CrewAI. Higher-level abstractions around roles and tasks. Friendlier for non-engineers, more opinionated about how agents collaborate, less ergonomic for low-level control. Different audience.
LlamaIndex Agents. Strong on RAG-heavy agents because of the LlamaIndex retrieval primitives. Use when the agent's main job is retrieval over your data.
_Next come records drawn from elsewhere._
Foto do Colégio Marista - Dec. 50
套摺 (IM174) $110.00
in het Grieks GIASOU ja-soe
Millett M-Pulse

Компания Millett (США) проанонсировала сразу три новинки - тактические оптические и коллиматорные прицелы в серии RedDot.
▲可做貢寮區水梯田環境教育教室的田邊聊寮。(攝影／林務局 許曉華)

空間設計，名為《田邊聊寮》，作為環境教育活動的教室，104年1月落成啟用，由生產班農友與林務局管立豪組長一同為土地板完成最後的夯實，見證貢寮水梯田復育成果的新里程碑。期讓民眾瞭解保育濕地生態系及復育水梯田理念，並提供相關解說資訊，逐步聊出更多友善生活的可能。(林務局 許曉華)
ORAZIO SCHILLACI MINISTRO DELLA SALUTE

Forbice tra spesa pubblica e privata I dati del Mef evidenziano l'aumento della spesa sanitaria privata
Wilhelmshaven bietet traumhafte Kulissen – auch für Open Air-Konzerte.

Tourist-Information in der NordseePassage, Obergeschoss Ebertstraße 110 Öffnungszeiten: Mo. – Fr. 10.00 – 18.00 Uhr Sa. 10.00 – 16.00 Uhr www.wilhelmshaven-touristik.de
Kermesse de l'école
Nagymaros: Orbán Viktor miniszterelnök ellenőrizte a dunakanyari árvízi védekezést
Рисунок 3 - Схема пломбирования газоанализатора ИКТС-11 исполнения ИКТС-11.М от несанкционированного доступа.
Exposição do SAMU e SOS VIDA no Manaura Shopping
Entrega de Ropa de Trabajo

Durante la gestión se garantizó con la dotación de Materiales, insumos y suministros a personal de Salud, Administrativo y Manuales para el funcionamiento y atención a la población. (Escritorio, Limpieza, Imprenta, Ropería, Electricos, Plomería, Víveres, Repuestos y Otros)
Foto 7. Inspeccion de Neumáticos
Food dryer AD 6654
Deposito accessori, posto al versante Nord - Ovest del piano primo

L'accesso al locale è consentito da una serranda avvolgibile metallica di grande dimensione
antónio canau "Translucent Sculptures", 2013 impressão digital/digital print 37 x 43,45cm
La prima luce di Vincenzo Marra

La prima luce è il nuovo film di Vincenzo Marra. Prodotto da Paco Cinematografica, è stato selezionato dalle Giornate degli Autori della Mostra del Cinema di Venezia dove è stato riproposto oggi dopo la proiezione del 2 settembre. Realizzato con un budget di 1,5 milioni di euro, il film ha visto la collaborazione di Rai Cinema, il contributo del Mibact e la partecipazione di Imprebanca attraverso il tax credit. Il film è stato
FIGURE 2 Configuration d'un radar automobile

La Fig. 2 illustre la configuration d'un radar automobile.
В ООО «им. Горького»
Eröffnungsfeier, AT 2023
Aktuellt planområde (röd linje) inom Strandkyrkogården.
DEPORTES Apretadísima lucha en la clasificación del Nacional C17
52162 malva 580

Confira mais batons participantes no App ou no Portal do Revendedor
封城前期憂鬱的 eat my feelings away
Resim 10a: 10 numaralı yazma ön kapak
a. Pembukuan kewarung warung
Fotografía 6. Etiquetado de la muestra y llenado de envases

For most teams already on the OpenAI stack, the Agents SDK is the default in 2026. The framework lock-in is low: provider-agnostic, the Agent + handoff primitives port reasonably well to other frameworks if you change your mind.
When NOT to migrate
A few cases where keeping Swarm is reasonable:
- The Swarm code is a demo that works. If it is internal-only, throwaway, and you have no plan to extend it, leave it alone.
- You vendored Swarm. Some teams forked Swarm and added their own abstractions. The port is harder; budget more time.
- You are about to leave the OpenAI ecosystem anyway. If you are planning a move to LangGraph or Claude Agent SDK, do that migration once, not twice.
For anything customer-facing, anything you need to debug in production, anything that needs guardrails: migrate.
FAQ
Is Swarm still maintained? No. The repo redirects to the Agents SDK. There are no commits to the Swarm codebase that you should rely on.
Is the Agents SDK production-ready? Yes. As of May 2026 it is on v0.17.1, has 26k+ GitHub stars, and is the framework OpenAI uses in its own examples and customer references. The API surface is stable enough to build on.
Can I use the Agents SDK with non-OpenAI models? Yes. It is provider-agnostic and supports 100+ models via litellm. Anthropic, Google, AWS Bedrock, Azure, local models, all callable.
Does the Agents SDK support streaming?
Yes. Runner.run_streamed yields incremental events as the agents run, including token deltas and tool call events.
How do I trace runs to my own observability platform? The SDK exports OpenTelemetry-compatible traces. Point your collector at it or use a vendor SDK that picks up OpenTelemetry traces natively.
Is there a port path for LangGraph users? Yes, though it is more work than Swarm to Agents SDK. The LangGraph "node is an agent" pattern maps to "agent is a handoff target" in the SDK, but explicit edge logic (conditional routing based on state) does not have a one-to-one analog and usually moves into the agent's instructions plus tools.
What is gpt-realtime-2 and how does it fit?
The voice model that powers the Agents SDK's realtime agents. Full agent feature set (tools, handoffs, guardrails) over a voice modality. Pair it with the rest of the SDK for voice agents that can hand off to text agents and back.